AWS Certified Solutions Architect – Associate (SAA-C03) — Question 321
A company uses a legacy application to produce data in CSV format. The legacy application stores the output data in Amazon S3. The company is deploying a new commercial off-the-shelf (COTS) application that can perform complex SQL queries to analyze data that is stored in Amazon Redshift and Amazon S3 only. However, the COTS application cannot process the .csv files that the legacy application produces.
The company cannot update the legacy application to produce data in another format. The company needs to implement a solution so that the COTS application can use the data that the legacy application produces.

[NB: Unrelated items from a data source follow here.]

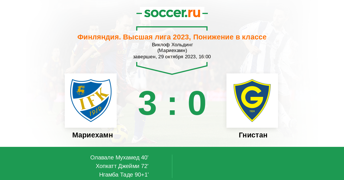 Запасные: 8 Нгамба Таде (с 70'), 6 Саллинен Оскари (с 90+1'), 7 Сьороос Рику (с 90+1'), 9 Кледсон, 13 Кубронн Жан-Кристоф, 81 Хенрикссон Эльмо, 4 Энквист Даниэль
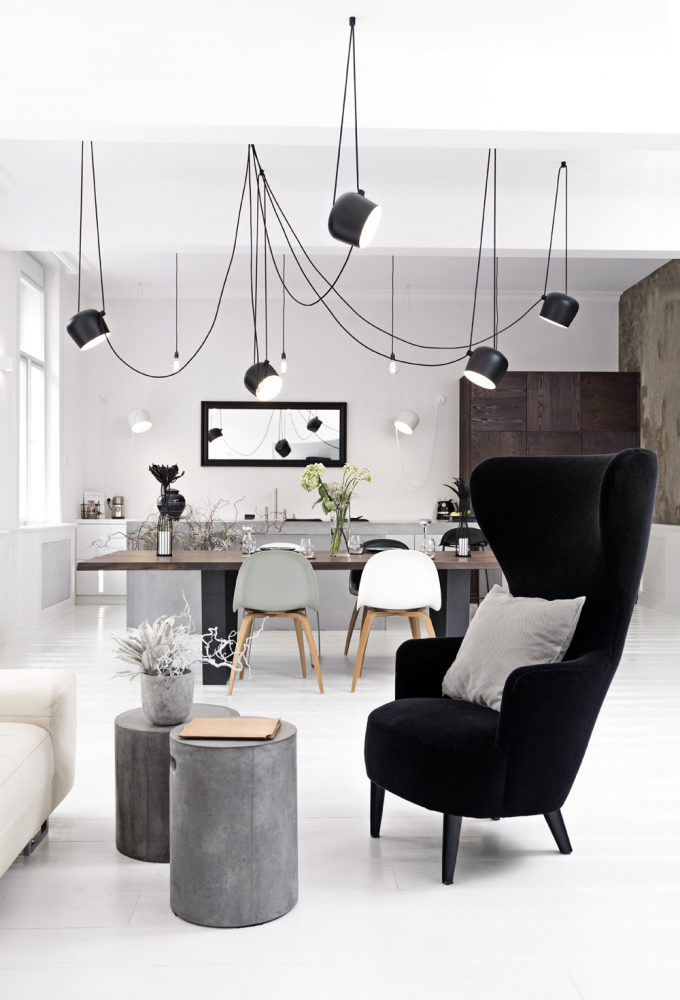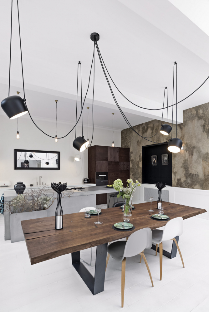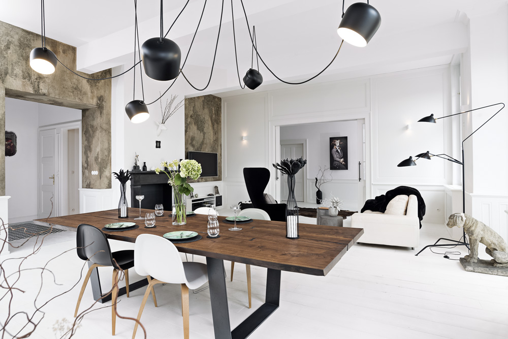 Atypicky nad touto nízkou částí nábytku nejsou umístěny horní skříňky, ale zrcadlo, které prostor opticky prodlužuje. Skříň s vestavnými spotřebiči navozuje dojem almary. Jídelní stůl, úctyhodných rozměrů 3,1 x 1,1 m, tvoří dominantu celého obytného pokoje. Jeho rozměry výhledově slibují pohodlí až deseti osobám. Rozměrné svítidlo s pěti světelnými zdroji a soustavou kabelů připomíná liány. Umožňuje vysokou variabilitu směrování toku světla.
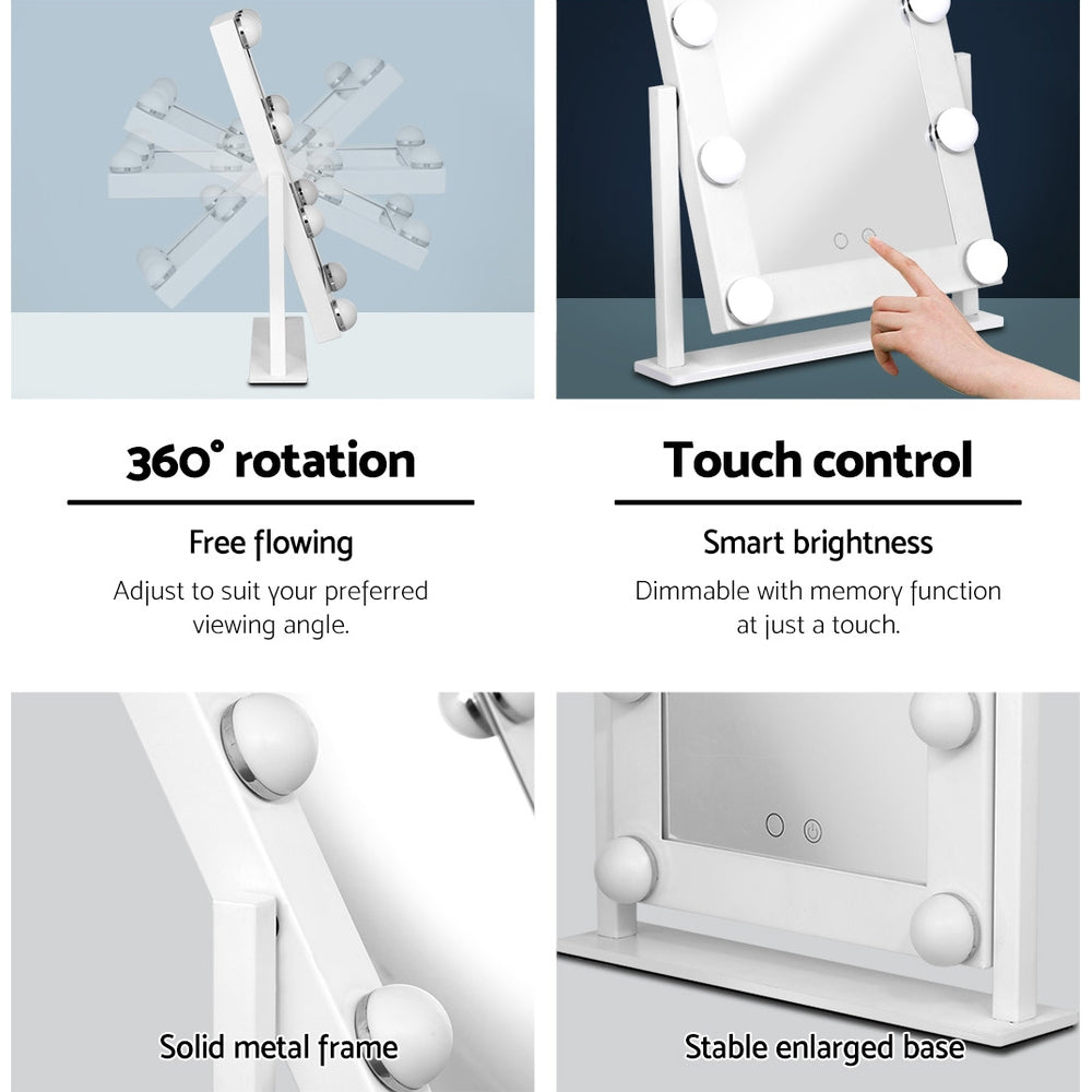 our standing makeup mirror features nine LED bulbs on its metal frame. The lighting is dimmable with a touch control for brightness and colour, from cool white to warm white. The mirror is totally rotatable and stands on an enlarged base for added stability. The LED bulbs has a lifespan of 50,000hrs and is energy-efficient.
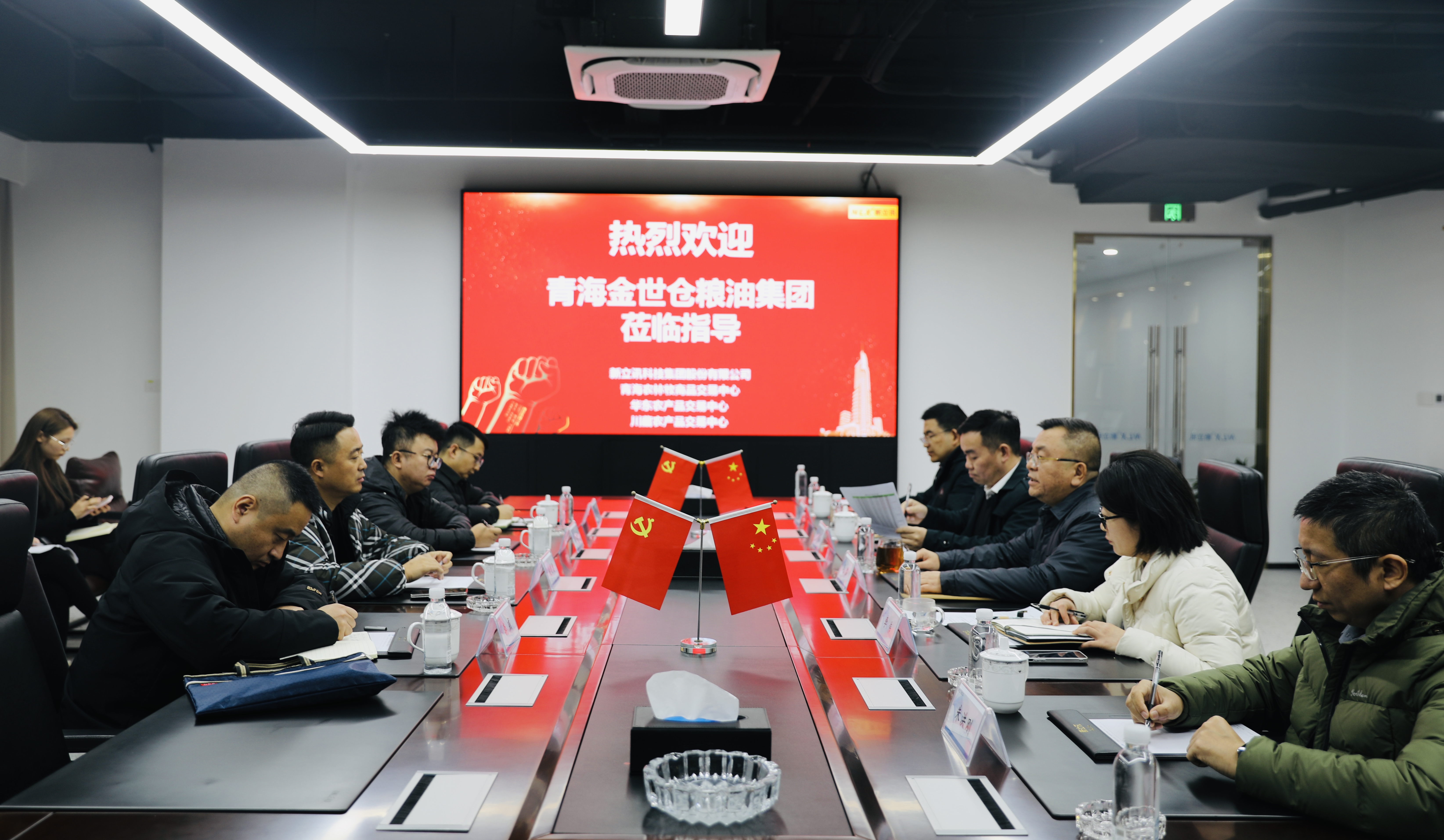 2026年1月25日,青海金世倉糧油集團董事長趙明德攜集團常務(wù)副總經(jīng)理李威、財務(wù)總監(jiān)李忠皓、銷售總經(jīng)理湯曉東一行蒞臨新立訊科技集團總部調(diào)研。新立訊科技集團董事長(兼青海、華東、川藏農(nóng)產(chǎn)品交易中心董事長)毛霖、常務(wù)副總經(jīng)理李偉、董事長助理(兼農(nóng)聯(lián)網(wǎng)絡(luò)總經(jīng)理、青海華東交易中心副總經(jīng)理)楊慶慶及集團財務(wù)、風控負責人與農(nóng)產(chǎn)業(yè)互聯(lián)網(wǎng)相關(guān)負責人等陪同調(diào)研并座談。
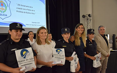 En la oportunidad, se destacó el trabajo de la fuerza y el compromiso de sus efectivos, en tanto que la jefa comunal nuevejuliense y los funcionarios de su Gabinete, procedieron a entregar reconocimientos a efectivos de la Estación de Policía Comunal de 9 de Julio que se destacaron por su labor en el esclarecimiento de hechos relevantes durante 2024.
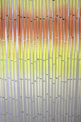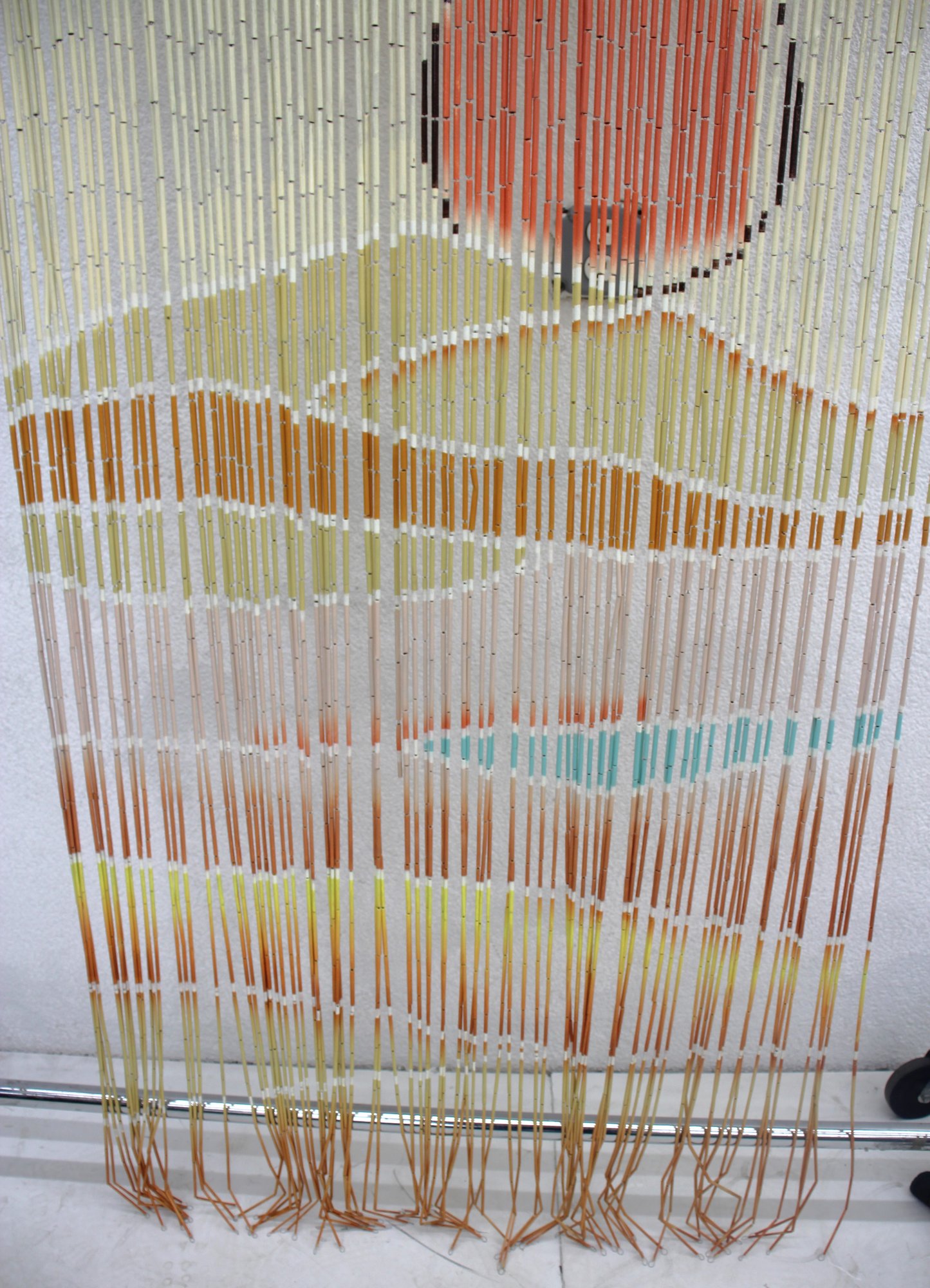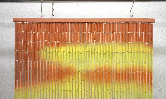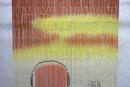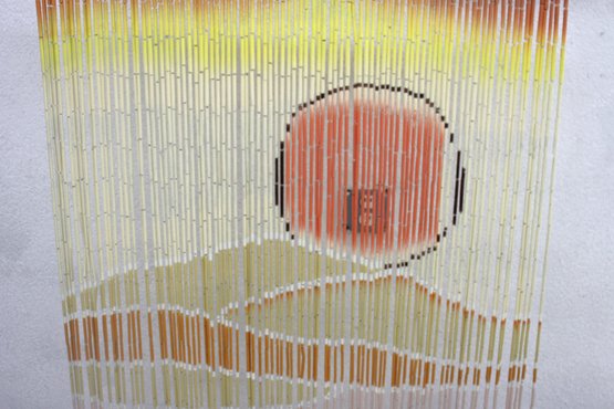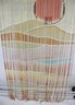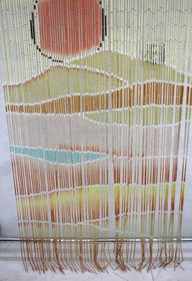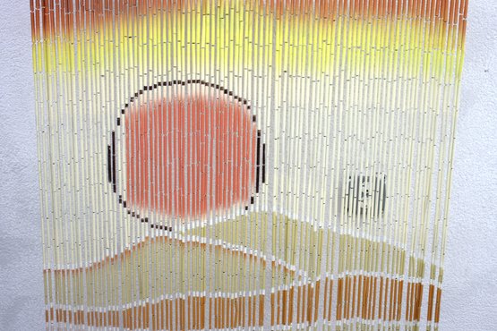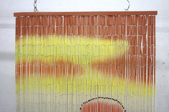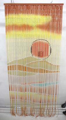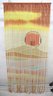 This stunning vintage bamboo beaded curtain features a hand-painted desert sunset scene, complete with a radiant orange sun over rolling sand dunes, accented by warm yellow and beige tones. The delicate gradient transitions and natural bamboo texture create a serene and artistic visual effect.
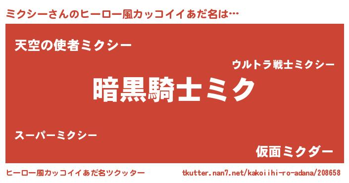 | 意味不明あだ名 | 『とにかく怪しいミクシー』 |

Which solution will meet these requirements with the LEAST operational overhead?
Answer options
- A. Create an AWS Glue extract, transform, and load (ETL) job that runs on a schedule. Configure the ETL job to process the .csv files and store the processed data in Amazon Redshift.
- B. Develop a Python script that runs on Amazon EC2 instances to convert the .csv files to .sql files. Invoke the Python script on a cron schedule to store the output files in Amazon S3.
- C. Create an AWS Lambda function and an Amazon DynamoDB table. Use an S3 event to invoke the Lambda function. Configure the Lambda function to perform an extract, transform, and load (ETL) job to process the .csv files and store the processed data in the DynamoDB table.
- D. Use Amazon EventBridge to launch an Amazon EMR cluster on a weekly schedule. Configure the EMR cluster to perform an extract, transform, and load (ETL) job to process the .csv files and store the processed data in an Amazon Redshift table.
Correct answer: A
Explanation
AWS Glue is a fully managed, serverless ETL service that requires minimal operational overhead compared to managing EC2 instances or EMR clusters, making Option A the most efficient choice. Storing the processed data in Amazon DynamoDB as proposed in Option C does not meet the requirements because the COTS application can only query Amazon Redshift and Amazon S3. Option B and D introduce unnecessary management and operational complexity compared to the serverless capabilities of AWS Glue.